The stress surrounding being defeated by another mouse activates mouse midbrain cells, promoting sleep and reducing anxiety, according to a new study. The results highlight a neurological circuit in the brain, targeting of which “may help steer future interventions in rodents and perhaps even humans after stressful experiences, be it through cognitive therapy or pharmacotherapy or maybe, one day, genetic interference,” write Marian Joëls and E. Ronald de Kloet in a related Perspective.

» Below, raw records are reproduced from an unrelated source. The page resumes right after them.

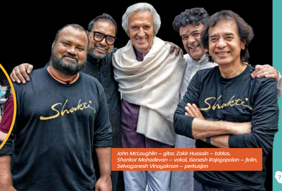
John McLaughlin – gitar, Zakir Hussain – tablas, Shankar Mahadevan – vokal, Ganesh Rajagopalan – fiolin, Selvaganesh Vinayakram – perkusjon

Shakti med John McLaughlin og Zakir Hussain gjenoppstår i 2023, og spiller årets åpningskonsert på Kongsberg Jazzfestival! En av jazzens supergrupper og pionerer innen world music-sjangeren, er klare for å feire sitt 50-årsjubileum med ny plate og omfattende turnering der de fortsetter å pløye ny musikalsk mark og grensene mellom øst og vest brytes ned. Møtet mellom en engelsk gitarist med jazz, rock og fusjon i bagasjen og indiske musikere med djupe røtter både i klassisk og tradisjonell indisk musikk, skulle resultere i en helt enestående og fascinerende musikalsk sammensmeltning med appell til store lytterskarer.
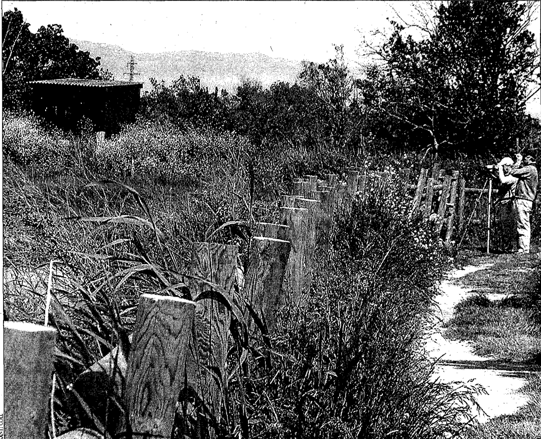
Aquesta primavera ha estat força òptima al Parc Natural dels Aiguamolls, on cada dia hi arriben visitants de tota mena i ornitòlegs apassionats en contemplar els ocells
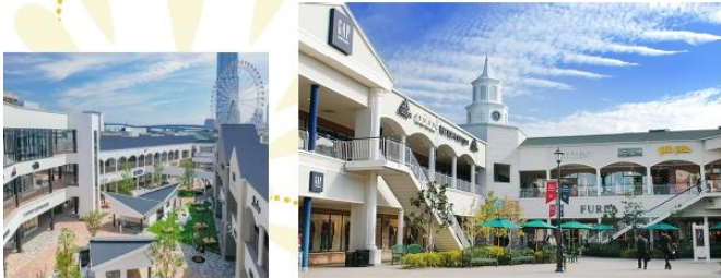
SHOPPING AT RINKU PREMIUM OUTLET

ซอปปิ้งละลายทรัพย์ส่งท้ายที่ “ริงคุ พรีเมียม เอาท์เลต” แหล่งรวมสินค้าแบรนด์เนมชั้นนำระดับโลกในราคาลดพิเศษสุดคั้ม อีสาระให้ท่านเพลิดเพลินกับการช้อปปิ้งแฟชั่น เลือกซื้อเสื้อผ้า กระเป๋า และรองเท้าคู่ใจในบรรยากาศเอาท์เล็ตสไตล์รีสอร์ทที่กว้างขวาง พร้อมเดินซอปปิ้งรับลมทะเลเย็นสบาย หรือเว้านั่งพักผ่อนชิลๆ ตามคาเฟ่และร้านอาหารภายในพื้นที่ได้อย่างอิสระตามไลฟ์สไตล์ของท่าน
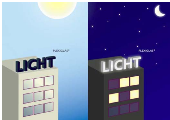
2. kép Megjelenés napfényben és éjszakai megvilágítás esetén
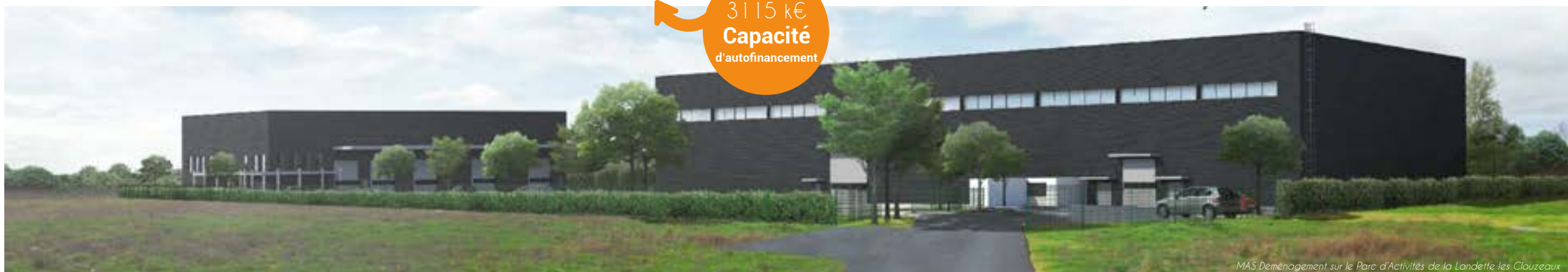
MAS Déménagement sur le Parc d'Activités de la Landette, les Clouzeaux

Un stock de plus de 100 terrains à bâtir
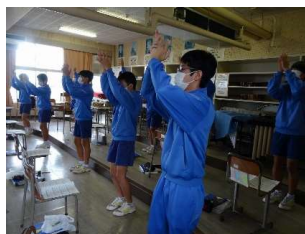
2年音楽（リズム打ち）
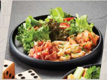
Trio Seafood Wazabi ยำซีฟู้ดกับซอสวาซาบิ
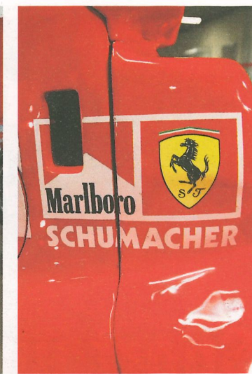
Der Name Michael Schumacher steht im Mittelpunkt der Show.

wahl riesig. Für Hochzeiten und andere besondere Events steht sogar ein individuell aufgemachter Rolls-Royce zur Verfügung. Auf Wunsch mit Chauffeur.
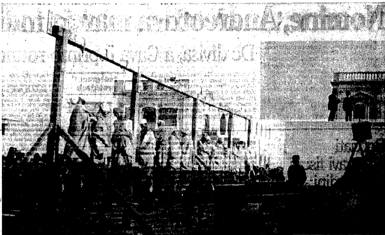
5 I libici oppongono una fiera resistenza all'occupazione italiana. È quindi necessario, secondo gli alti comandi italiani, dare un esempio. Nella piazza del Pane a Tripoli, davanti alla popolazione, vengono impiccati 14 ribelli.
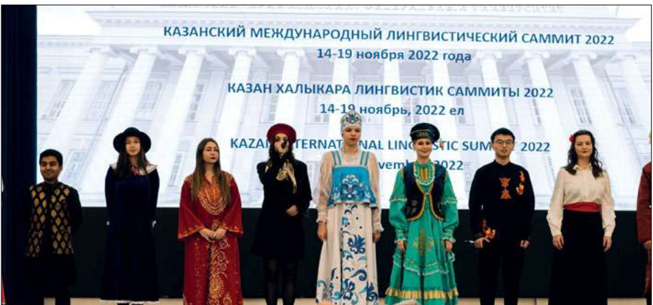
Казан федераль университетында III Казан халыкара лингвистик саммит ачылышы 2022 ел, 14 ноябрь

Although stress can cause insomnia, the opposite is also true; chronic stress is known to increase rapid eye movement (REM) sleep. These observations have led some to hypothesize that sleep is an important adaptive response to stressful situations, helping ameliorate its negative physiological and mental impacts. In mice, social defeat stress (SDS) – a stress response caused by losing a social confrontation – is often used as a model for psychosocial stress. Researchers have found that SDS can cause some defeated animals to subsequently fall asleep. However, the mechanisms underlying how these events trigger enhanced sleep remain elusive. Here, Xiao Yu can colleagues evaluated the brain circuits involved in SDS-induced sleep in mice.
Yu et al. discovered a small group of neurons in the ventral tegmental area (VTA) of the midbrain that is dedicated to detecting stress after SDS and inducing restorative sleep. According to the findings, a subset of gamma-aminobutyric acid (GABA)-somatostatin neurons receive stress input, which, when activated, promote enhanced REM and non-REM sleep for several hours while also inhibiting the release of corticotropin-releasing factor (CRF). Together, sleep initiated through this process alleviated stress levels and mitigated stress-induced anxiety in mice, restoring mental and body functions. Anxiety and corticotrophin levels remained heightened after stress for mice deprived of SDS-induced sleep.
In the related Perspective, Joëls and de Kloet note that “Not all individuals may respond to social defeat with a bout of sleep.” They say this individual variation “requires further investigation in larger groups of mice, which would also be helpful to probe the robustness of the current explorative study.”